**RECORDED DATA:**
<<<<
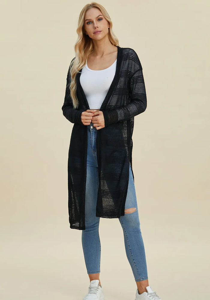 • BiBi Slit Open Front Longline Cardigan with Pockets
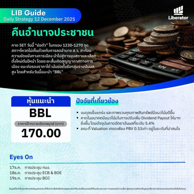 วันที่ 12 ธันวาคม 2568 บริษัทหลักทรัพย์ ลิเบอเรเตอร์ จำกัด หรือ “Liberator” (บล.ลิเบอเรเตอร์) ออกบทวิ
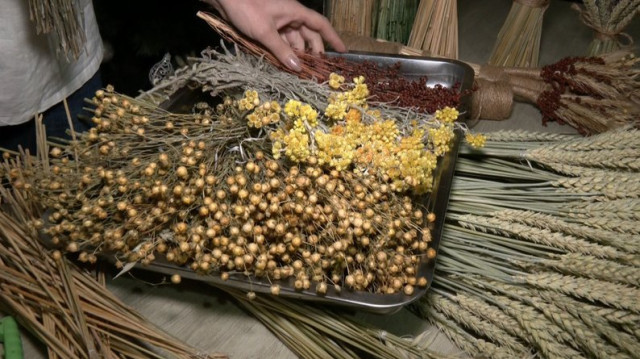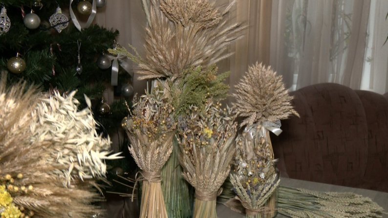 Майстриня з села Прилуцьке Тетяна Петлюк 15 років плете дідухи. Для їхнього оформлення використовує декоративні квіти, трави та злаки з власного городу.
>>>>
**AIM OF THE TASK:** Starting at the line that holds "วันที่ 12 ธันวาคม", retype every line through the end of the data, both ends included. Pictures stay out of the copy.

**EXERCISE ANSWER:**
 วันที่ 12 ธันวาคม 2568 บริษัทหลักทรัพย์ ลิเบอเรเตอร์ จำกัด หรือ “Liberator” (บล.ลิเบอเรเตอร์) ออกบทวิ
 Майстриня з села Прилуцьке Тетяна Петлюк 15 років плете дідухи. Для їхнього оформлення використовує декоративні квіти, трави та злаки з власного городу.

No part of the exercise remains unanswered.